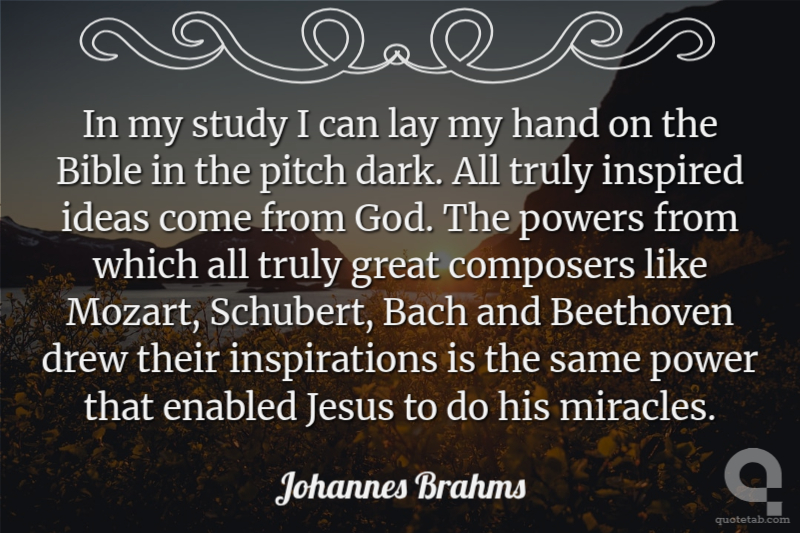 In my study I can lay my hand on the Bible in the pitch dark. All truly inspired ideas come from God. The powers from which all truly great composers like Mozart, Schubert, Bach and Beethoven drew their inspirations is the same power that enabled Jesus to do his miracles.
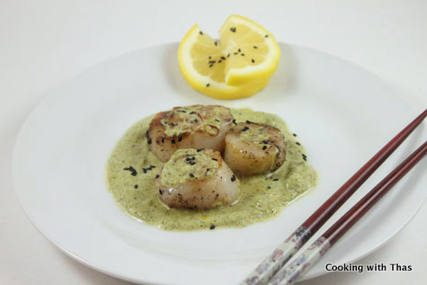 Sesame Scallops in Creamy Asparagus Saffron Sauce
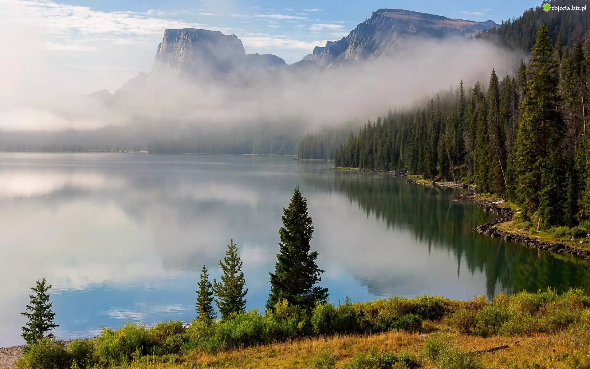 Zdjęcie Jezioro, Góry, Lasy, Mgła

...

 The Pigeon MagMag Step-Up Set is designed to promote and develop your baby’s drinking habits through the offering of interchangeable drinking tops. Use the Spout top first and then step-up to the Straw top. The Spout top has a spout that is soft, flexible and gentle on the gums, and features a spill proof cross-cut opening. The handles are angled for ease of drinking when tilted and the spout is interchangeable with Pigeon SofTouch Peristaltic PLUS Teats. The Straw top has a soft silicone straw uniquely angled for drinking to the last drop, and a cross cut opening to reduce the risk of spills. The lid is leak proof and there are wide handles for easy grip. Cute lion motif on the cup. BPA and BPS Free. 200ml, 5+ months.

= Your goal =
Go to the line above that has "In my study" and copy exactly from there down to the line that has "Zdjęcie Jezioro, Góry, Lasy, Mgła", both included. Leave the pictures out.

= Finished task =
 In my study I can lay my hand on the Bible in the pitch dark. All truly inspired ideas come from God. The powers from which all truly great composers like Mozart, Schubert, Bach and Beethoven drew their inspirations is the same power that enabled Jesus to do his miracles.
 Sesame Scallops in Creamy Asparagus Saffron Sauce
 Zdjęcie Jezioro, Góry, Lasy, Mgła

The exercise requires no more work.